On Trait Evolution in a Heterogeneous Environment: Oviposition Site Selection in a Mosquito in Response to Multiple Risk Factors
Abstract
A focus in evolutionary biology is to understand the drivers of diversity in animal behavioural traits in the living world. Animals facing similar problems in the environment, such as the problem of how much to invest in parental care, can have very different solutions to the same problem. This large diversity in traits can be explained by a reasonable proposition that this diversity is of adaptive value and is a result of selection pressures acting in a given environment. In wild populations, multiple selection pressures are likely to shape trait evolution. While these multiple selection pressures can manifest through different ecological or demographic conditions, these conditions themselves could vary predictably over space or time, or in an unpredictable manner, a relatively less studied form of environmental variability. While predictable variation in the environment could shape traits through adaptive phenotypic plasticity, traits could also be shaped by unpredictable variation in environment. Unpredictable variation in environments could lead to the evolution of strategies, such as evolutionary bet-hedging or spreading the risk. In my thesis, I attempt to understand how oviposition site selection, a behaviour where multiple selection pressure regimes are rarely considered, is shaped by multiple selective factors in a variable environment.
Oviposition site selection is a form of habitat selection where a female chooses a site for laying eggs. This decision can have important fitness consequences for the female because the quality of the site selected can influence the quality (e.g., survival, growth, size at maturation) of her offspring, and thereby their reproductive value (the number of offspring that they are capable of producing). In my thesis, I test how oviposition site selection decisions in the mosquito Aedes aegypti are influenced by variation in three important ecological factors, namely risk of larval predation, risk of competition, and risk of pool desiccation. To investigate the factors influencing evolution of oviposition site selection decisions, I first measured fitness trade-offs associated with larval predation risk and conspecific competition risk at potential oviposition sites through experimental manipulation in the laboratory. I found that larval performance reduced substantially under predation, as predicted. I also found surprisingly strong negative effects of competition, and most importantly, an interaction between predation and competition effects such that under high larval densities, predators may have a positive
effect by providing a release from intense effects of competition.

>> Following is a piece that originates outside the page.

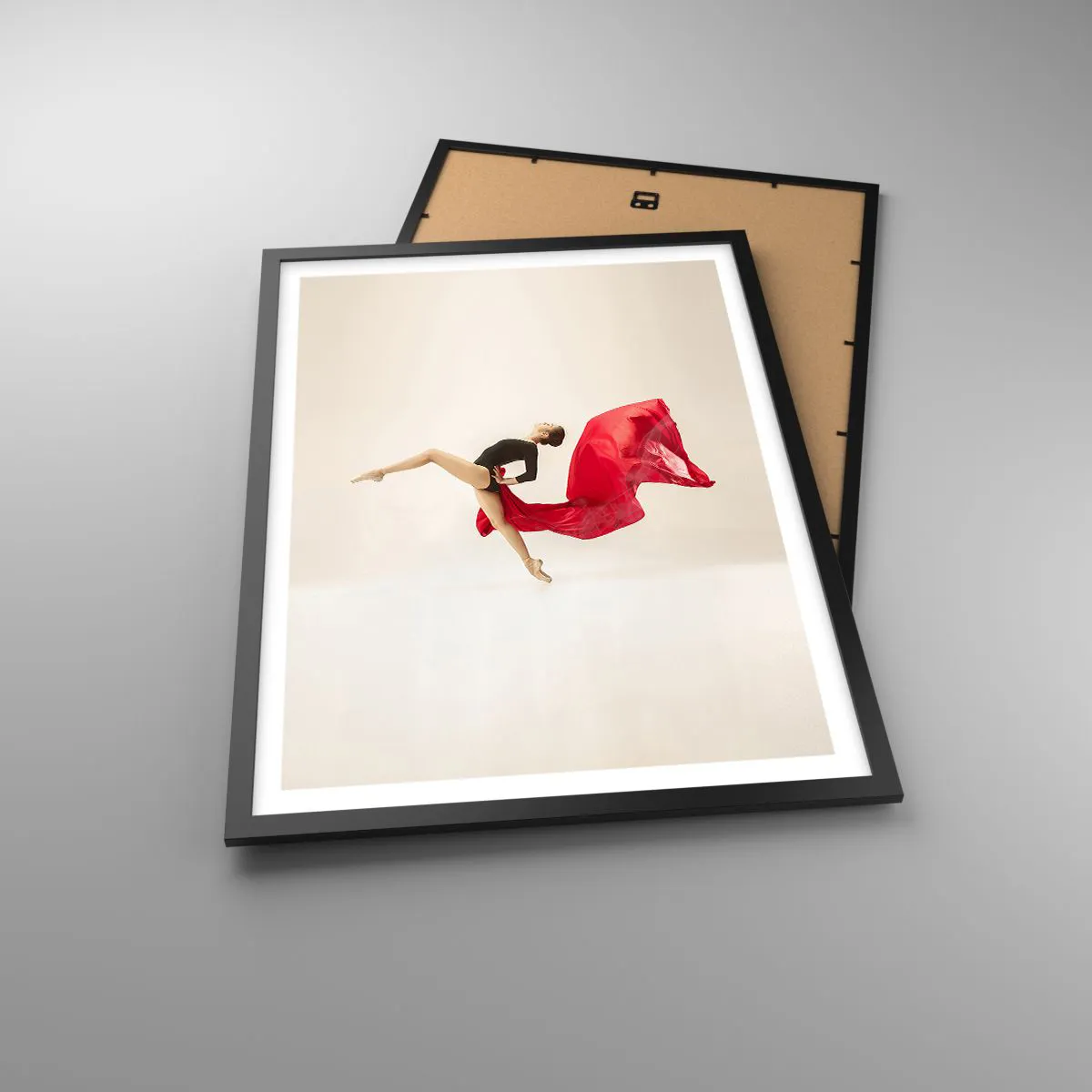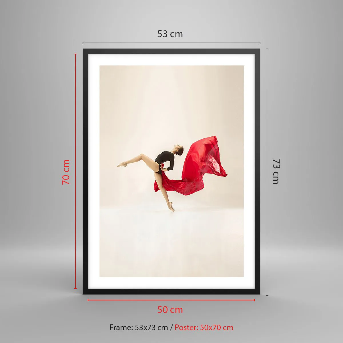 Pôster com moldura preta - Uma dançarina em uma roupa preta com tecido vermelho em movimento - 50x70cm - Vermelho e preto - Decoração de parede moderna para a sala de estar e quarto ARTTOR

In the next chapter, I investigate female oviposition behaviour in the light of these tradeoffs in an artificial pool experiment conducted in field conditions. My findings indicate that females showed a complex oviposition response towards the risk of predation, displaying attraction towards pools with low predator densities and aversion towards pools with high predator density. I explain this complex oviposition behaviour using my findings concerning a predation competition trade-off. I propose that larval predators can provide positive fitness benefits when coupled with other risks, in this case, conspecific density effects.
I next focussed on spatial and temporal patterns under natural conditions in two risk factors, namely, pool desiccation risk and larval predation risk. I quantified variation in these risk factors across multiple natural breeding sites (rock pools) over the breeding season of Aedes vexans, the dominant rock pool breeding species at the field site. I report predictable variation in both risk factors and unpredictable patterns of variability in larval predation risk. I used these patterns of variability in risk factors to predict and test female oviposition site selection response to these varying multiple risk factors through manipulative experiments using natural breeding sites (rock pools) in the field. I found signals of complex oviposition site selection response towards multiple risk factors: larval predation risk and pool desiccation risk. I found that females avoided large pools that permanently harbour predators in natural settings. Females did not show a strong preference for small pools that naturally do not harbour predators, indicating that multiple factors – desiccation risk and larval predation risk - could interact to influence female decision making.
Overall, my findings indicate that oviposition site selection responses are complex, sensitive to interactions between multiple selective factors, and influenced by patterns in variability in some of these factors.